The MPI backend uses MPI to transfer data; since MPI does not facilitate general allocation and task launches, these are implemented in terms of ordinary C++ constructs. It is not intended that it support every FleCSI feature, since some would require implementing a task system of complexity comparable to that of Legion. Neither is it required for using existing MPI-based libraries; Legion itself uses MPI and can be made compatible with them. The HPX backend also uses MPI for the data transfer; it however only supports trivial launch maps.

Other components provide support for the above activities:

run: Maintain internal state, communicate with the external mechanism, and invoke structured sequences of callback functions to perform a simulation.
util: Organize local data, support compile-time computation, and implement unit-testing assertions akin to those in Google Test.

Of these, util is implemented entirely in the front end.

Every component has a single user-level header with a similar (if longer) name directly in flecsi/.

Hierarchy

Since the facilities provided by FleCSI are general-purpose, many of them are used by (other parts of) FleCSI itself. As a result, there are several circular dependencies among components (when ignoring their internal structure), but there is also a general hierarchy among them.

io is highest because it provides a user-level service in terms of the other components. Similarly, topo is high because nontrivial topologies themselves need to allocate and use field data. Generally, exec is higher than data because launching a task involves obtaining access to allocated data, but the latter is the most dispersed among the layers. run is lower because it provides certain global variables and the access to the underlying communication system, except that its support for callbacks is outside the hierarchy altogether. flog is lower still, since it relies merely on MPI for communication. Finally, util is the lowest, generic level.

There is also an expected hierarchy beyond FleCSI. In particular, it is expected that the topology specializations required as policies for the core topology categories (e.g., to specify the number of spatial dimensions) are provided by intermediate clients like FleCSI-sp that also provide domain-specific interfaces to application code. (Topology specializations are not C++ explicit or partial specializations, although they may be generated by a class template.)

Compound clients

FleCSI’s design is meant to support a client simulation program that comprises a number of subsystems with minimal coordination among them. For example, fields are registered on merely a specialization, endowing all instances of its topology type with the field in question without requiring changes to its definition. (Memory is allocated only if the field is used, so clients can err on the side of registering whatever fields might be useful.) Additionally, the registrations take the form of non-local variables such that any source file in the program can contribute them independently.
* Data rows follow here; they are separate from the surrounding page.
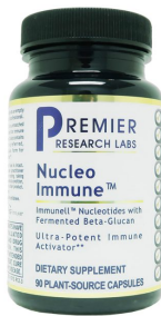
PRL Nucleo Immune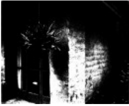
261 - The Busst House Eltham 11 -Shire of Eltham Heritage Study 1992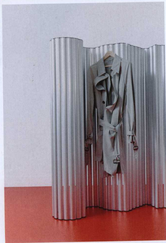
TOP, THE LARCH-CLAD INTERIORS OF A WOODLAND GUESTHOUSE IN UPSTATE NEW YORK. SEE PAGE 180. ABOVE, A TRENCH COAT FROM BURBERRY'S S/S25 COLLECTION, DESIGNED BY DANIEL LEE. SEE PAGE 210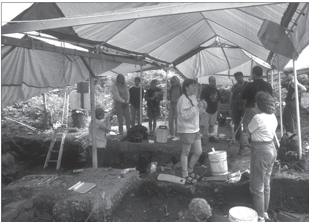
Figure 1. Visitors learn about Alaska history and archaeology while visiting the Castle Hill site excavations in Sitka.

Although educational programs are legislated as one of the many activities integral to cultural resource management (CRM), there are few guidelines that specify exactly what form these programs should take. Depending on an agency's emphasis, the specific job description, and the CRM staff's individual interests and inclinations, education can be interpreted to mean anything from simply making the results of a CRM report available to the public to establishing a nationwide program for school-age children and their teachers. This very broad definition of what public education actually encompasses provides an opportunity for some innovative approaches. This paper will highlight the variety of approaches used by state and federal agencies nationally and in Alaska. Some fundamental questions in planning and implementing these programs are also addressed. Who are the appropriate audiences for public education programs? How do we measure the success of these programs, and are they effective in bringing about changes in public perception of the value of our cultural resources?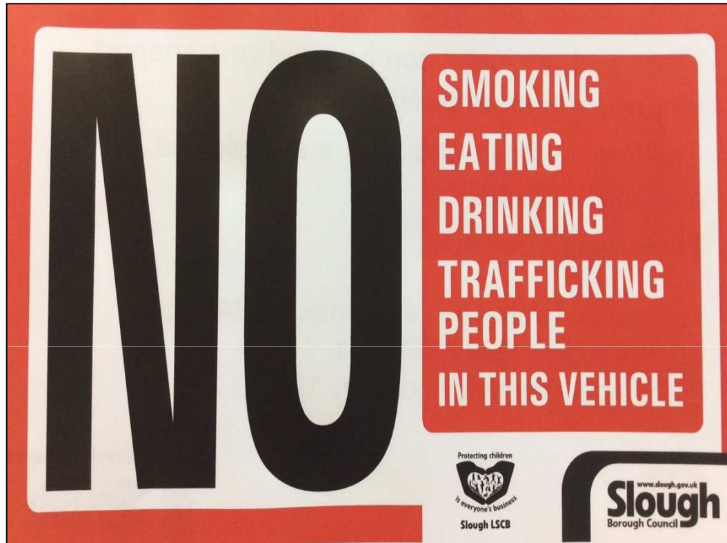
Slough Borough Council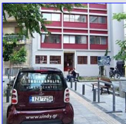
One of UINDY's campuses in central Athens

The University of Indianapolis-Athens is not merely a franchise or a branch of the American university. It is academically and legally categorized as a campus of the university.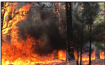
Are You Prepared? - Pg. 6 & 7 -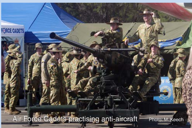
Air Force Cadets practising anti-aircraft

As well as the PC-21s the RAAF displayed a C-17A Globemaster, a C-27J Spartan, a C-130J Hercules and a P-8A Poseidon. World War 2 warbirds included a formation of Spitfire, Hurricane, Kittyhawk and Mustang, the Hawker Hurricane being a type that has never been seen at Illawarra Regional Airport before. A Wirraway, a Harvard and an Avenger also represented the WW2 era.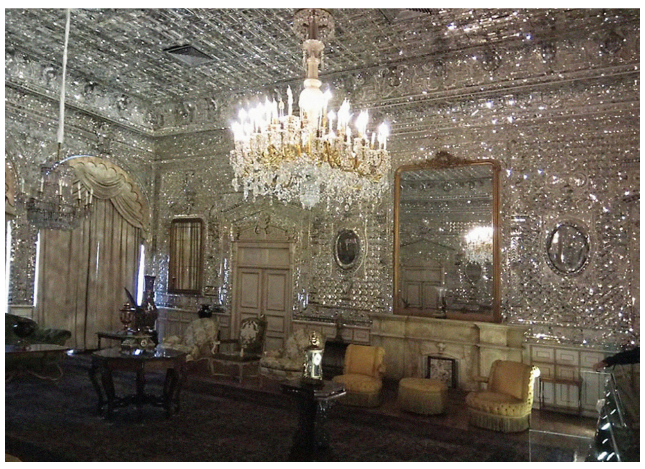
1. Mirrored interior of Golestan Shah palace in Tehran.

heritage of mirrored interiors of Iran and who studied the interiors of Golestan, palace of the shah [9]. However, there are no special studies focusing on the heritage of "crystal" palaces, mosques and holy places of Persia.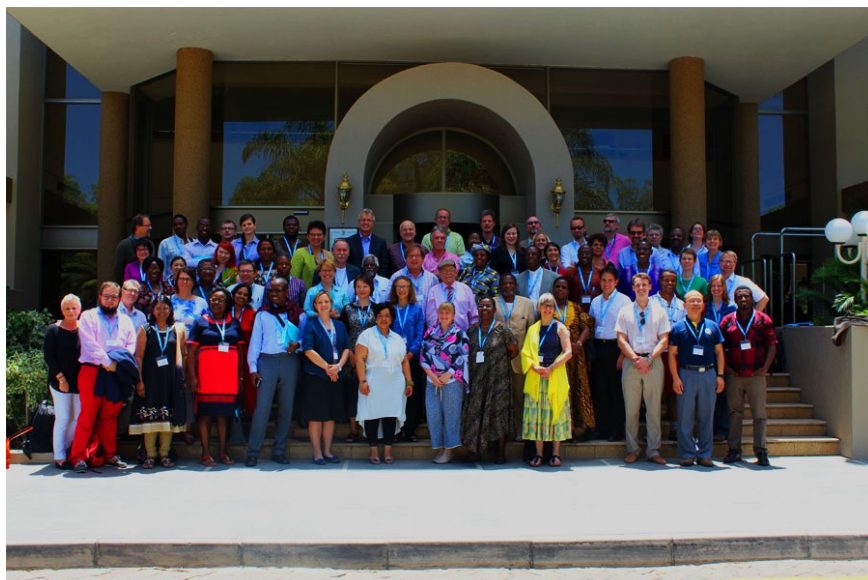
Participants at LWF's conference, "Global Perspectives on the Reformation" in Windhoek, Namibia.

ing relationships with the communion enable us to see reality through others' eyes," they said.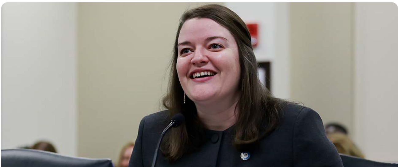
Rep. Samara Heavrin

Emergency clause – effective April 13, 2026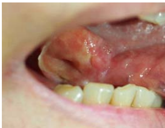
Figure 1. Clinical overview picture; A fungating ulcer on right lateral aspect of the tongue.

The patient received oral itraconazole 400 mg per day for 6 months until the lesion was completely cured.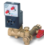
Electronic Drain Valves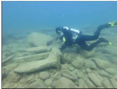
Anchor of the Hettler

Weather was great, good visibility and bottom temps mid-60's. Always a good trip to Michigan's U.P.!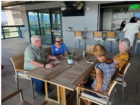
Figure 3 CNCC Alumni picture 2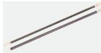
ELEKTRO RAY ELECTRICAL RALL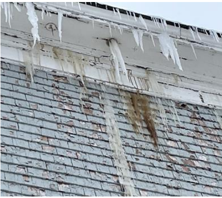
Water coming through walls

Another example is the callback-based control flow system, which allows actions (and ordering constraints) to be associated with each part of the overall simulation cycle structure. Again, each such action is a non-local variable that can be supplied separately anywhere in the program.

Data

Task separation

Field data appears as actual, borrowed arrays in a task but as owning, opaque handles in the caller. As such, certain caller-only or task-only types are used only in one context or the other, and the types of some task arguments differ from the types of the parameters they indirectly initialize. Conveniently, this separation also guarantees thread safety in the event that tasks execute concurrently with their callers in the same process.

Storage

The FleCSI data model is based on that of Legion, with certain simplifications. Each field has a value at each of several index points, each of which is a pair of abstract integers. The first indicates the color to which the index point pertains, which determines the execution agent that typically operates on the associated field values. The second is an index within the index points for that color; both are zero-based. (This structure, where field values at certain index points are periodically copied to other colors for access by other processes, is known as an “Extended Index Space”.)

A region is the domain for some number of fields: a rectangular subregion of the two-dimensional integer lattice whose lower-left corner is always (0,0). (Unlike in Legion, FleCSI uses a separate list of fields for each index space.) The rows of that rectangle, one per color, are often considered separately.

To support memory allocations that vary among rows or over time, fields are accessed via a partition, which is simply a prefix of each row of a region. (Often, the length of each such prefix is itself stored in a field that is accessed via a preexisting partition.) See Fig. 24 for a visual depiction of regions, prefixes, and partitions. Several partitions may exist for a single region, although it is common for there to be just one or else just one at any time. All access the same field values, which survive as long as the region does. The backends are expected to allocate memory only as necessary for partitions that are actually used with a given field.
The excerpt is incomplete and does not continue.